A color image is formed in a color photographic element by generation of an imagewise distribution of the dye as a function of silver halide development. Typically dye is formed by reaction between a coupler compound and oxidized silver halide developing agent. However, dye images can also be formed by other means such as the imagewise diffusion of dye or the imagewise destruction of dye. Regardless of the means by which the dye image is formed, it is common practice to remove the silver image formed on development and silver halide remaining in unexposed areas of the element. This is accomplished by a bleaching step in which the silver image is oxidized by a suitable oxidizing agent, commonly referred to as a bleaching agent, following by dissolving the silver halide in a silver halide solvent, commonly referred to as a fixing agent. Alternatively, the bleaching agent and the fixing agent can be combined in a bleach-fixing solution and the silver removed in one step by the use of such a solution.
A variety of bleach compositions have been employed with silver halide materials. These include those based on, i.e., ferricyanide, dichromate, permanganate, chloride, quinone, as well as amino carboxylic acid and persulfate oxidizing agents. Typical compositions containing such oxidizing agents for the bleaching of photographic image silver are referred to or described in U.S. Pat.
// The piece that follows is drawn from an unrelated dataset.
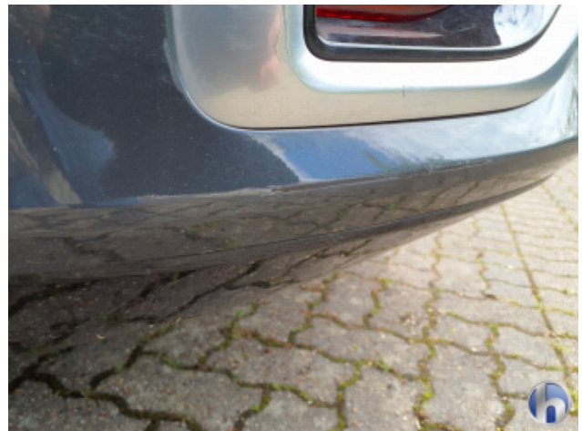
1. Stoßfänger Hinten Kratzer - Lackieren

Nos. 3,512,979; 3,615,513; 3,647,469; 3,689,272; 3,706,561; 3,716,362; 3,749,572; 3,772,020; 3,893,858; 4,163,669; 4,292,401; 4,293,639; 4,301,236; 4,322,493; 4,448,878; 4,458,010; 4,481,290; 4,524,129; 4,546,070; and 4,596,764.
Other descriptions of the composition and use of photographic silver bleaches are found on pages 124 and 125 of Neblettes's Handbook of PHOTOGRAPHY AND REPROGRAPHY, Materials, Processes and Systems, Seventh Edition, Van Nostrand Reinhold Company; and on pages 447 to 450 of THE THEORY OF THE PHOTOGRAPHIC PROCESS, Fourth Edition, MacMillan Publishing Co., Inc., Hew York, London.
Various substituted thiols have been found to accelerate bleaching either when directly added to the bleach solution, or, if introduced via a prebath, before the bleaching step. See for example U.S. Pat. No. 3,893,858, issued July 8, 1975.
U.S. Pat. No. 4,163,669, issued Aug. 7, 1979, suggest that there would be an advantege to incorporating the bleach accelerator directly in the photographic film but that incorporation of the free thiol would have adverse effects on the photographic properties of the film. The '669 patent suggests incorporating in a photographic element certain bleach accelerators as the salt of a heavy metal ion. Among the bleach accelerators mentioned are the organic thiols of the type described in U.S. Patent 3,893,858.
While the heavy metal salts described in the '669 patent are effective with bleach compositions based on ferric EDTA, they are not as effective with other bleach compositions, such as persulfate bleaches, as would be desired. Furthermore, while they give good sensitometric results with freshly coated photographic elements, upon prolonged keeping they have a deleterious effect on the sensitometric properties of the material.
Accordingly it would be desirable to have bleach accelerator precursor compounds which can be incorporated in a photographic film without adversely affecting the sensitometric properties of the film upon long term keeping and which will permit the film to be used in a multiplicity of bleach and bleach fix compositions with good results.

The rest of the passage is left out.